Analyse du projet de loi sur la numérisation du patrimoine culturel

Numériser de toute urgence

Quelques jours après le début de la consultation du projet de loi sur la préservation du patrimoine, l’enjeu de la numérisation des biens culturels québécois reste un point important, malgré quelques appréhensions parmi les professionnels.

Fin 2010, l’opposition officielle critiquait Mme Christine St-Pierre, ministre de la Culture, des Communications et de la Condition féminine, pour son manque de réaction concernant certaines archives historiques volées et conservées par les États-Unis. Yves-François Blanchet, porte-parole de l'opposition officielle en matière de culture et de communication, a avancé la nécessité de numériser ce patrimoine.

Les dangers seraient nombreux. Au fil des ans, à la suite d’une inactivité gouvernementale, des archives se perdent ou sont délocalisées vers de plus gros centres. Les municipalités de petite et moyenne taille se retrouvent dépossédées. Et d’autres craignent le transfert de responsabilités parce qu'elles n'ont pas ou peu de moyens ni les expertises requises. « On est tous pour une meilleure reconnaissance, préservation et démocratisation de notre patrimoine culturel », a précisé M. Blanchet.

Population mobilisée

De nombreux organismes, tels que Bibliothèque et Archives nationales du Québec (BAnQ) et la Société des musées québécois (SMQ), se sont mobilisés pour appeler à une plus grande précaution du patrimoine. Ils ont lancé, il y a quelques jours un Appel à la numérisation du patrimoine québécois, afin de renforcer leur position à la consultation du projet de loi. « Nous devons tous appuyer les efforts de numérisation et de diffusion du patrimoine québécois afin de contribuer à la survie et au développement de notre identité collective », a indiqué Michel Perron, directeur général de la SMQ.
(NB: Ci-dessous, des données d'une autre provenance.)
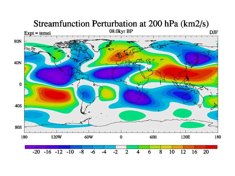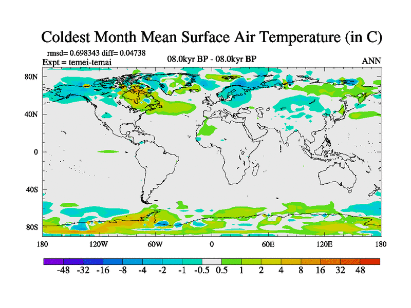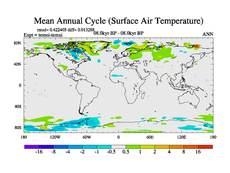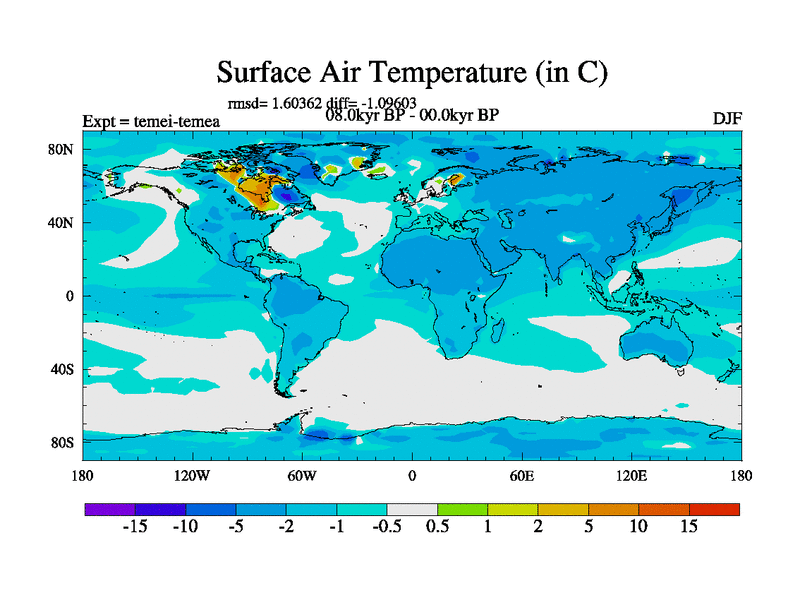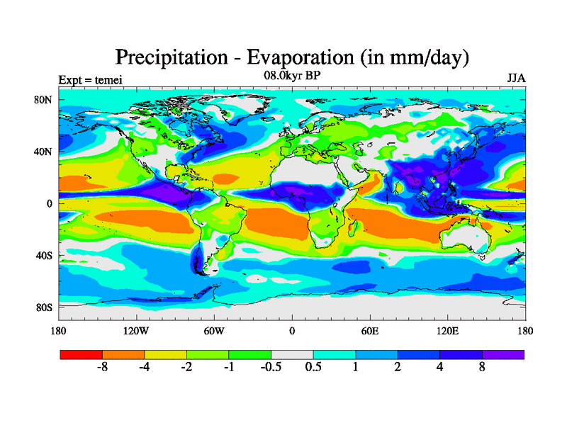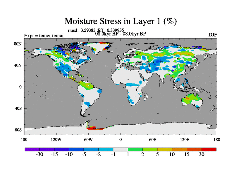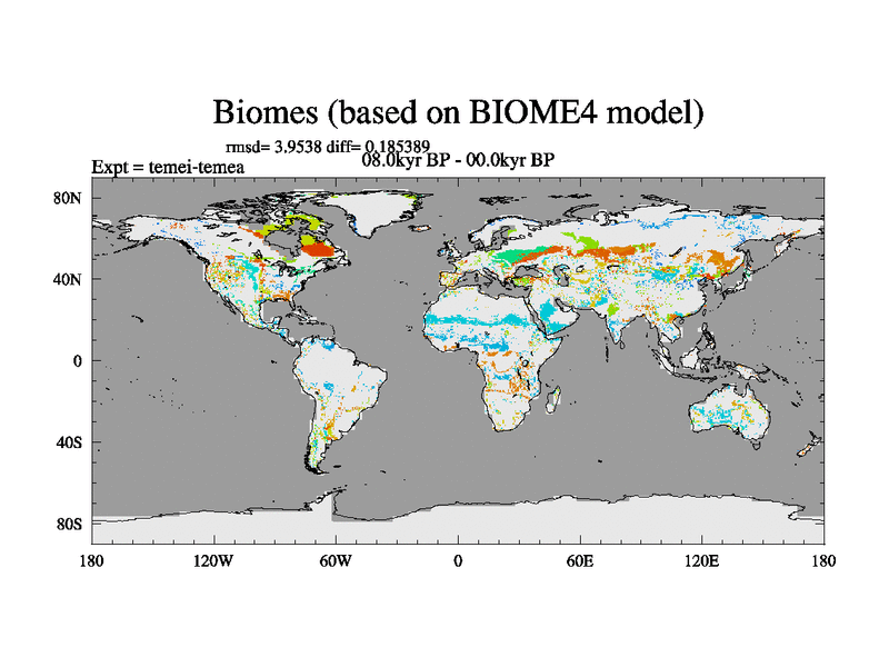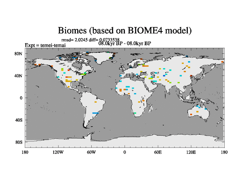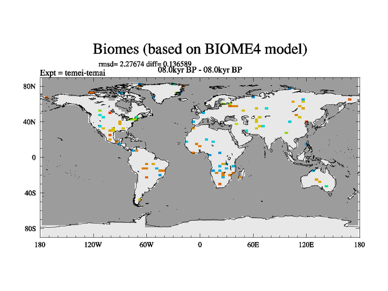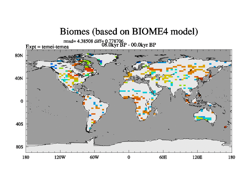 This is the 08.0 kyr BP simulation for a new set of deglaciation BBC runs using GLAC-1D and TRIFFID. Dynamic mode. No meltwater. Russian rivers routed to Med but only during height of glacial.

Le but ultime est de créer un réseau patrimonial numérique québécois. Ainsi les transferts, les prêts et les récupérations de données et de documents seront plus simples. Alors que l’opposition dit garder les yeux ouverts face aux décisions du gouvernement, elle s’attend à ce que des actes concrets soient pris. M. Yves Blanchet explique que « le projet de loi ne doit pas être l’objet d’un simple brassage administratif, mais une véritable mise en valeur du patrimoine».

Précautions à prendre

Cependant malgré une quasi-unanimité au sein des professionnels, d’autres émettent des réserves face à l’urgence que peut décréter BAnQ ou la SMQ. En effet, la numérisation parait être la seule solution pour pallier au problème. M. Sébastien Tessier, archiviste au Centre d’archives d’Abitibi-Témiscamingue, est sceptique. Il précise qu’on ne peut garantir la survie du numérique dans quelques décennies. « Le document numérique est un très bon outil, mais il n’a pas la valeur du document original. Lorsqu’il devient un élément de préservation, il faut être très prudent. On pensait révolutionner la vidéo avec le Beta ou le VHS, regardez où nous en sommes aujourd’hui. » Selon lui, l’importance dans ce nouveau cheminement de préservation est de ne pas prendre le numérique comme acquis à jamais, mais plutôt de se prémunir d’autres outils complémentaires.

Il y a cinq ans, après une consultation à l’échelle de la province, BAnQ a dressé un état des lieux de la numérisation patrimoniale au Québec. L’enquête, menée par BAnQ et la SMQ, a mené à plusieurs résultats. À savoir que le taux actuel de numérisation au Québec est d’environ 6%, et que la volonté des organismes responsables serait d’intensifier le réseau de collaboration entre les différents centres d’archives.